Friday, January 1, 2010

Byrd

This is it? I mean, this is the final piece of the puzzle? I don't think so.

I have blogged earlier on the deficiencies of this acquisition, and I hope I am wrong, but the continued love affair between Jim Hendry and journeyman outfielders is still a bit worrisome. So, to set the record straight, Byrd is not a bad player. Nor is he a particularly good player, and therein lays the problem.

You can build a good team around role players, or with the addition of role players. But frankly, I don't see the role here. Maybe I am missing something, but Byrd seems to be a pretty ordinary bat and a pretty ordinary glove. He bats right-handed, but cannot hit lefties, so he is not a platoon player. So what is his role?

I suppose this is just another example of Hendry and the Cubs front office not having a real plan. I had to laugh when Hendry suggested that there was nothing wrong with having a predominantly right-handed lineup, since the whole point of the last post-season hunt that resulted in the addition of Milton Bradley was that the Cubs were too right-handed. Now it's not a problem, I guess.
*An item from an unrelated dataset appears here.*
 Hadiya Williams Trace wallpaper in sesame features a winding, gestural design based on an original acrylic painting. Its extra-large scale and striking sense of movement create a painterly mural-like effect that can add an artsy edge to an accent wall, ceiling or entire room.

It is also a misconception on the Cubs part, because they had Edmonds and Fontenot playing against righties and they had good years, and they also had a left-handed bench.
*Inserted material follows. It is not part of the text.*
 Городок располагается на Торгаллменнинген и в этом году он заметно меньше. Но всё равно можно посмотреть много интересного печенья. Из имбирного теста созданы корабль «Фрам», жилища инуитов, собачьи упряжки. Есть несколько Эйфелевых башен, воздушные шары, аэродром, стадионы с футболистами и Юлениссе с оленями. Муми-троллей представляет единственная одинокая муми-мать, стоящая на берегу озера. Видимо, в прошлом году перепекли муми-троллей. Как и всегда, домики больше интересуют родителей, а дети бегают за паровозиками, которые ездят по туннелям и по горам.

Anyway, the problems for the Cubs offensively this off-season were obviously to get rid of Bradley and to somehow replace the production they lost in relation to 2008 in CF and at 2B. I don't think this does it. Byrd does not equal the platoon of Johnson and Edmunds. In this respect, I have to agree with the ESPN guy quoted on MLB Trade Rumors who just doesn't think Byrd is a championship caliber player.